Stored data:
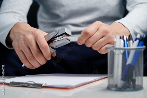 Close up on midsection on hands of unknown caucasian man male holding and using metal stapler on documents by the table while working from home during the quarantine pandemic lockdown front view
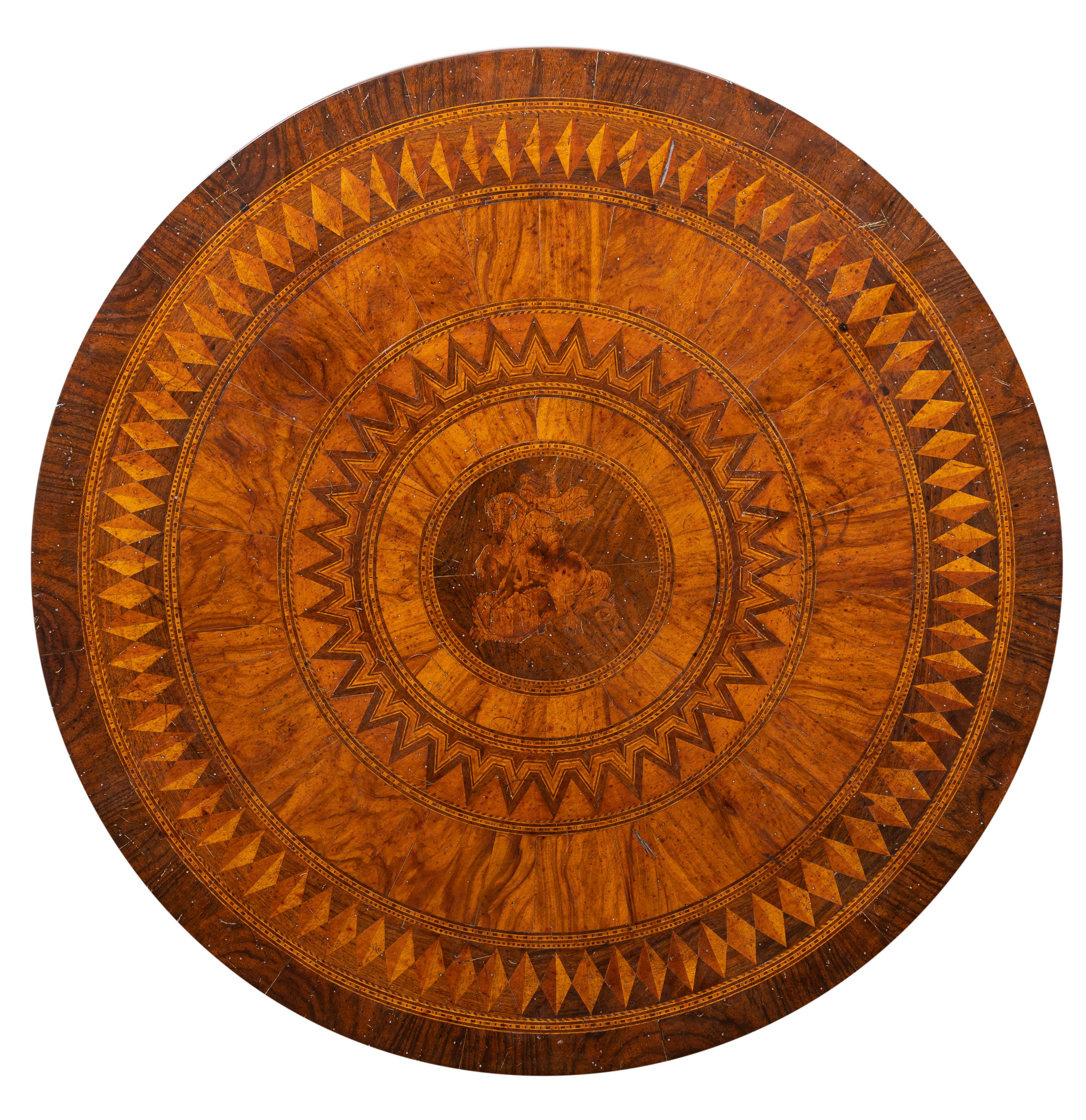 Tavolo da centro a vela, di forma circolare in legno di noce, di gusto sorrentino, riccamente intarsiato in varie essenze di legno a disegno geometrico, decoro al centro raffigurante "San Giorgio che uccide il drago".
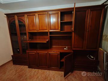 Regalo mobile per camera da pranzo in legno noce massello, composto da cristalliera e vano televisore come da foto. Misure L. 387cm x H. 240cm x P. 50/60cm. Ritiro, smontaggio e trasporto a carico dell'interessato.

Exercise prompt:
Copy exactly, please, the lines that run from the line holding "Tavolo da centro" through the closing line of the material above, omitting every picture.

Reply to the exercise:
 Tavolo da centro a vela, di forma circolare in legno di noce, di gusto sorrentino, riccamente intarsiato in varie essenze di legno a disegno geometrico, decoro al centro raffigurante "San Giorgio che uccide il drago".
 Regalo mobile per camera da pranzo in legno noce massello, composto da cristalliera e vano televisore come da foto. Misure L. 387cm x H. 240cm x P. 50/60cm. Ritiro, smontaggio e trasporto a carico dell'interessato.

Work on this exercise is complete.